A Universidade Federal do Paraná (UFPR) espera chegar aos 100 anos mais próxima do público que habita o Centro de Curitba. Há alguns anos teve início o esvaziamento acadêmico nesta região. Os cursos que antes existiam no prédio central da universidade, na Praça Santos Andrade, foram transferidos para outros campi em bairros mais afastados. Com isso, perdeu-se parte da convivência dos moradores com a intelectualidade universitária.
Para reverter essa situação, foi criado o ''Projeto Campus Central: Uma Idéia Para Curitiba'', idealizado pelo professor Emmanuel Appel, do Departamento de Filosofia da UFPR. Ele pretende criar um ''quadrilátero cultural'' na área que vai do prédio histórico da universidade, na Praça Santos Andrade, até a Praça do Expedicionário (onde estão o Instituto Goethe e a Cultura Inglesa) e do Colégio Estadual do Paraná até a Igreja da Guadalupe.
Nesse espaço, já existem várias instituições históricas e culturais, como Teatro Guaíra, Cine Luz, Teatro da Caixa, Museu do Expedicionário, Sesc, Instituto Goethe, Interamericano, Cultura Inglesa, além de livrarias, sebos, cafés e outros estabelecimentos que têm potencial para tornarem-se espaços para discussão e difusão cultural. ''Nossa menina dos olhos atualmente é o antigo prédio dos Correios, já foram feitas reuniões para ver como podemos aroveitar seus 4 mil metros quadrados que hoje estão desocupados'', conta Emmanuel.

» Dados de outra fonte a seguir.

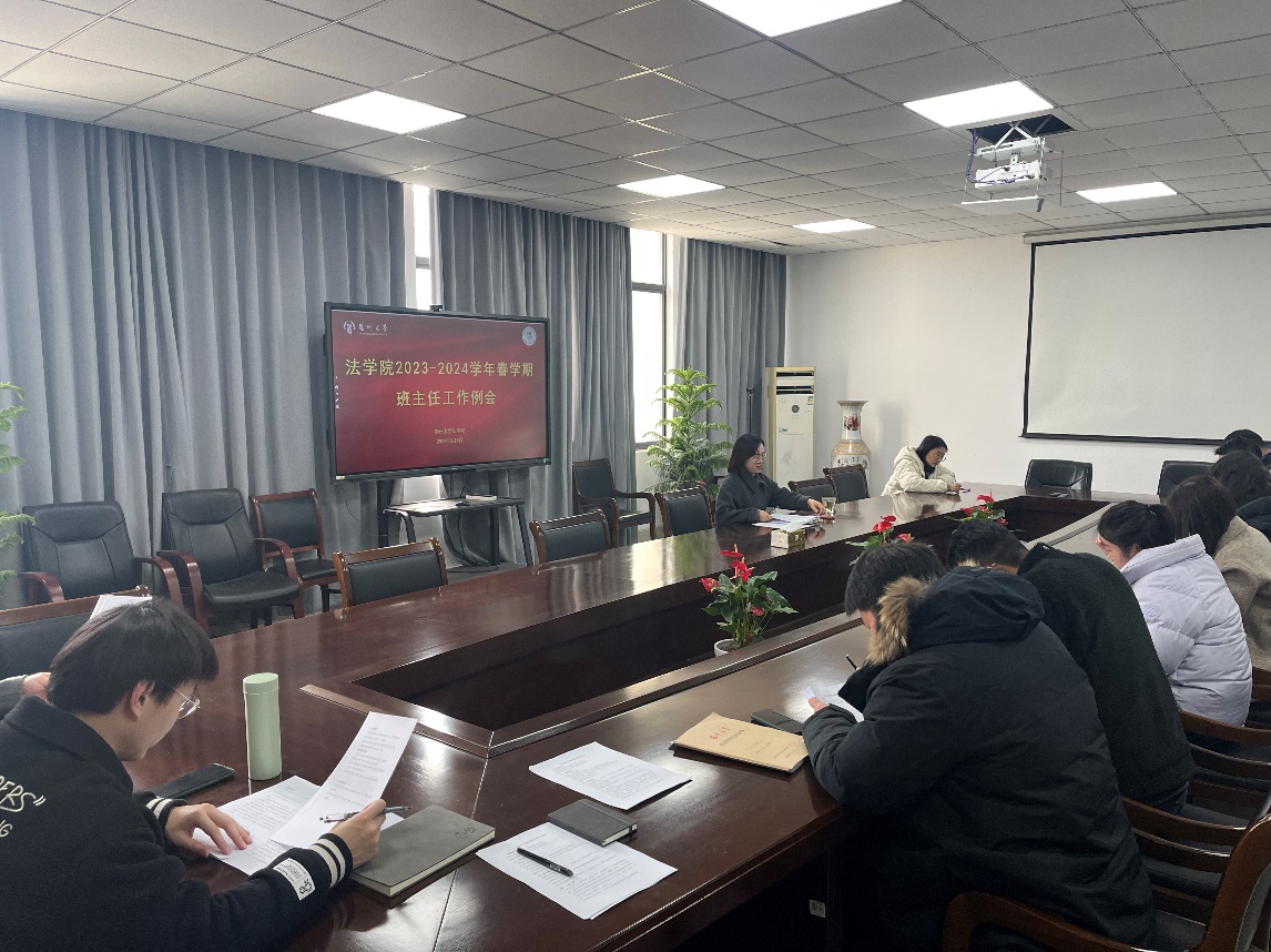 为确保新学期教育教学工作的有序开展,进一步增强班级管理工作的针对性和实效性,3月7日下午,扬州大学法学院在扬子津校区笃行楼313会议室顺利召开2024年春季新学期班主任工作会议,院党委副书记李蕴哲、全体班主任老师及全体辅导员参与了此次会议。
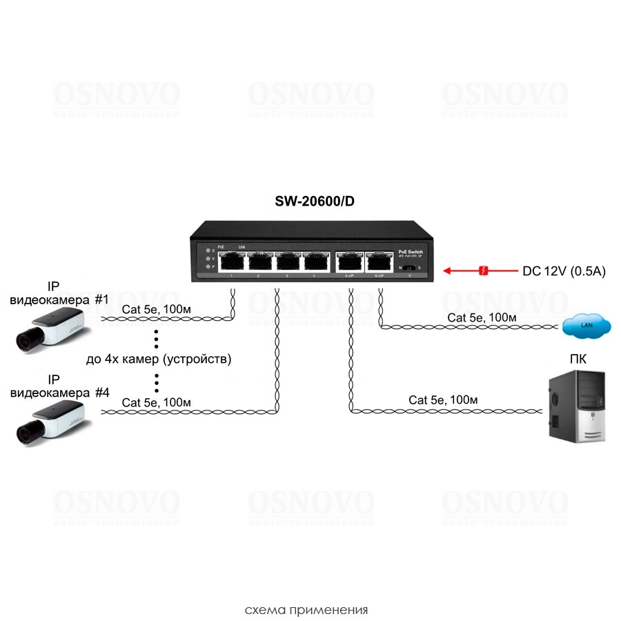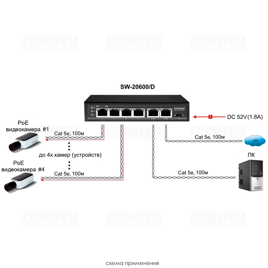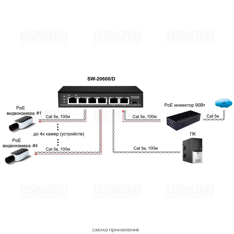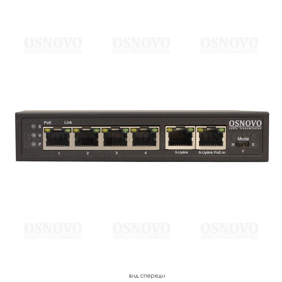 PoE Коммутатор/ удлинитель Fast Ethernet на 6 портов с питанием по PoE. Порты: 4 х FE (10/100 Base-T) с поддержкой PoE, 1 x FE (10/100 Base-T) Uplink с поддержкой питания по PoE (до 90W), 1 x FE (10/100 Base-T) Uplink. Соответствует стандартам PoE IEEE 802.3af/at. Автоматическое определение PoE устройств. Мощность PoE на порт - до 30W. Суммарная мощность PoE - до 87W. Поддержка режима CCTV: Увеличение расстояния передачи данных до 250м, изоляция портов. Встроенная грозозащита - 3kV. Возможно крепление на стену. Питание: По порту FE (10/100 Base-T) Uplink. Размеры (ШхВхГ): 140 x 28 x 80 мм. Рабочая температура: -10...+55 гр. С
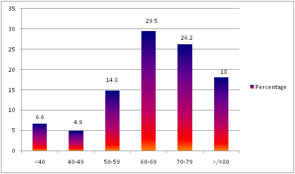 A total of 118 cases of suspected colorectal cancer were identified on lower gastrointestinal endoscopy during the period January 2012 to December 2015. Females accounted for 63 cases (53%) (Figure 1). The average age at diagnosis was 64.8 years, with 29.5 % of all cases occurring in the seventh decade of life (Figure 2). With respect to site of lesion, left-sided lesions were more common (73%) (Figure 3) with rectal lesions being found in 46% of cases. Lesions of the ascending colon, including the caecum, were found in 27% of cases. The three main causes for referral for colonoscopy were suspected colorectal cancer, gastrointestinal bleeding and anaemia (Figure 4). In this study females were found to account for more suspected cases of colorectal cancer than males. It has been found in previous studies that the incidence of CRC was more common in females than males, in older persons (more than 65 years).7,8 The average age of persons in this study was 65. The older age of the patients in this study reflects that found in prior studies where the incidence of CRC was found to increase with age.4–6 Risk factors for CRC include increasing age, familial and life-style related factors- such as smoking, sedentary lifestyle, obesity, alcohol use, high consumption of animal fats and red meat. There is an increased risk with a personal history of adenomatous polyps and inflammatory bowel disease as well as a family history of adenomatous polyps and colorectal cancer.5 In terms of diet and its association with colorectal cancer, countries that consume more red meat, processed meats, animal fats and refined carbohydrates have been shown to have an increased risk of colorectal cancer. In developed nations like North America and Europe where large amounts of these are consumed the incidence of colorectal cancer is higher than less developed countries like Africa, rural India, parts of South America and Japan where a more plant-based diet is consumed.12,13 The risk factors for colorectal cancer have not been investigated in Trinidad and Tobago. A population study is needed to further investigate the incidence, mortality and risks of colorectal cancer in this country. This is important because screening may then be implemented in higher risk groups such as those with central obesity, strong smoking history and significant alcohol consumption even at a younger age.14
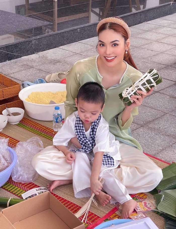 Trong khi người đẹp diện đồ bà ba màu xanh pastel đính ngọc trai trông vô cùng sang trọng thì quý tử được trưng diện trang phục màu trắng đính kèm khăn truyền thống của Việt Nam. Có thể thấy là cả hai mẹ con Lan Khuê đều rất hào hứng với hoạt động đặc biệt dịp gần Tết này. Trong một khung ảnh khác, "thiếu gia hào môn" còn nhanh nhẹn vác đòn bánh tét để mang đi luộc.
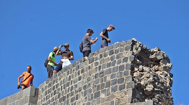 Diyarbakır'da yasağa aldırış etmeyen gençler, demir bariyerleri aşarak 12 metreyi bulan tarihi surlara çıkıp, özçekim yapıyor.
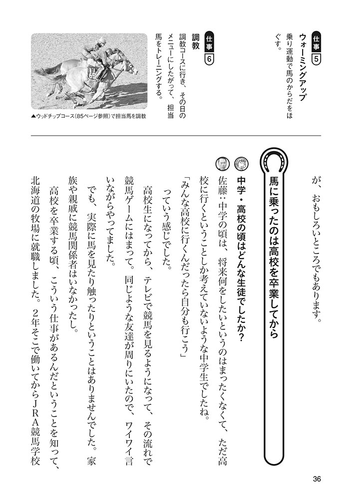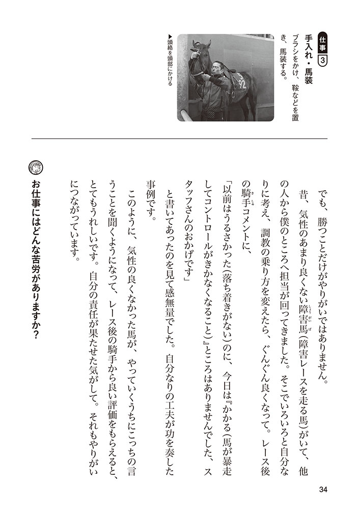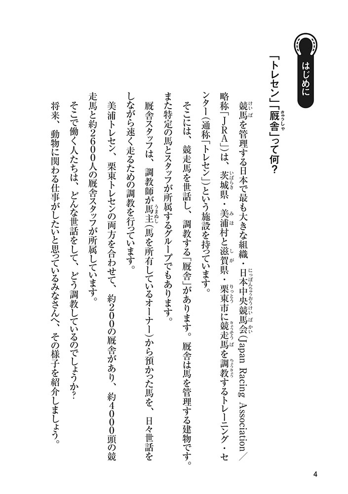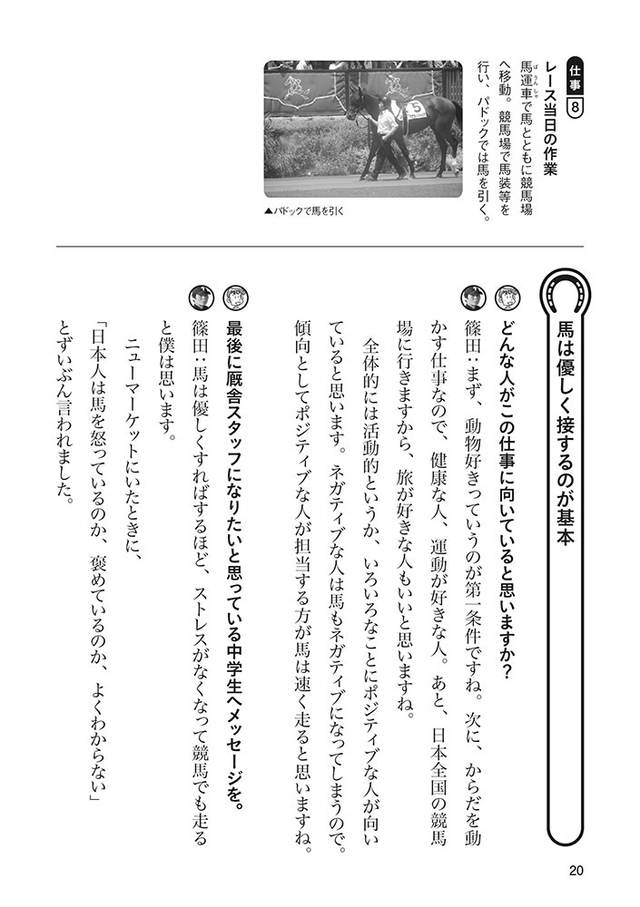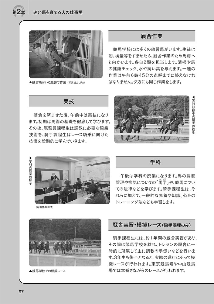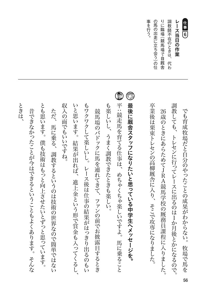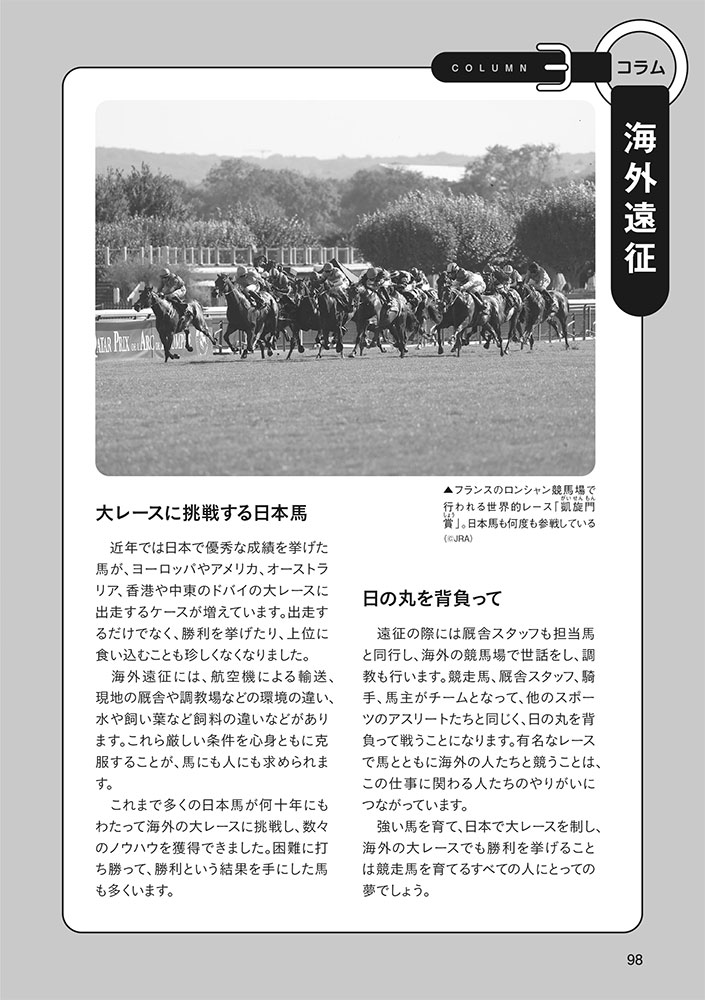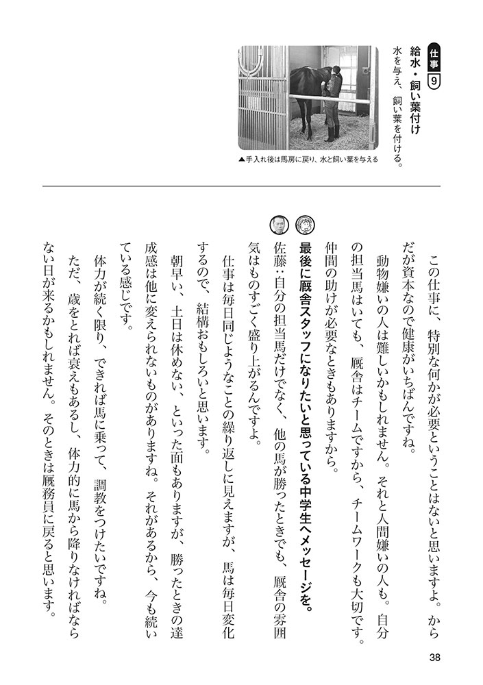 この本は、世界最強の競走馬をつくるために、日々馬と向き合い、トレーニングする人たちの苦労や喜びを関係者へのインタビューや取材を通して描いています。情熱をもって馬に接し、奮闘する人たちの姿や思いを描くことで、動物と働くことの意義や楽しさがわかるように編集しています。ぜひ、進路や職業選択を考えるときの、みなさんの参考にしてください。

A intenção do projeto é multiplicar os espaços públicos onde os universitários possam exercer seu papel crítico. Segundo Emmanuel, é preciso haver a reinserção acadêmica e cultural da universidade junto ao público que reside no centro da cidade. ''A presença da UFPR não é sentida pelos curitibanos à altura do seu capital simbólico'', aponta.
A iniciativa é apoiada pela Reitoria e pela Fundação da Universidade Federal do Paraná (Funpar). Atualmente a idéia está em fase de articulação. Segundo Paulo Bracarense, diretor superintendente da Funpar. ''A universidade não pode fazer tudo sozinha, por isso utiliza sua expertise profissional para buscar parceiros capazes de capitalizar o projeto''.
De acordo com o professor Emmanuel, até o momento várias entidades já foram sensibilizadas, como a Fiep, ACP (através do projeto Centro Vivo), Sesc, Caixa Econômica, Unibanco, Banco do Brasil, Teatro Guaíra e o Instituto de Pesquisa e Planejamento Urbano de Curitiba (Ippuc).
Os entusiastas da idéia esperam que em um futuro próximo sejam criados mecanismos fiscais, como a redução - ou isenção - de tributos municipais para atrair livrarias, sebos e outros segmentos de interesse para o quadrilátero cultural.
Até o momento, no entanto, não há previsão de quando nem como se operarão essas transformações. ''Ainda é uma carta de intenções, não há coisas práticas e imediatas'', conta Emmanuel. No dia 20 de agosto deste ano será feita uma grande apresentação do projeto para cerca de 420 entidades que ocupam a área. Até lá, é apenas uma ''idéia para Curitiba''.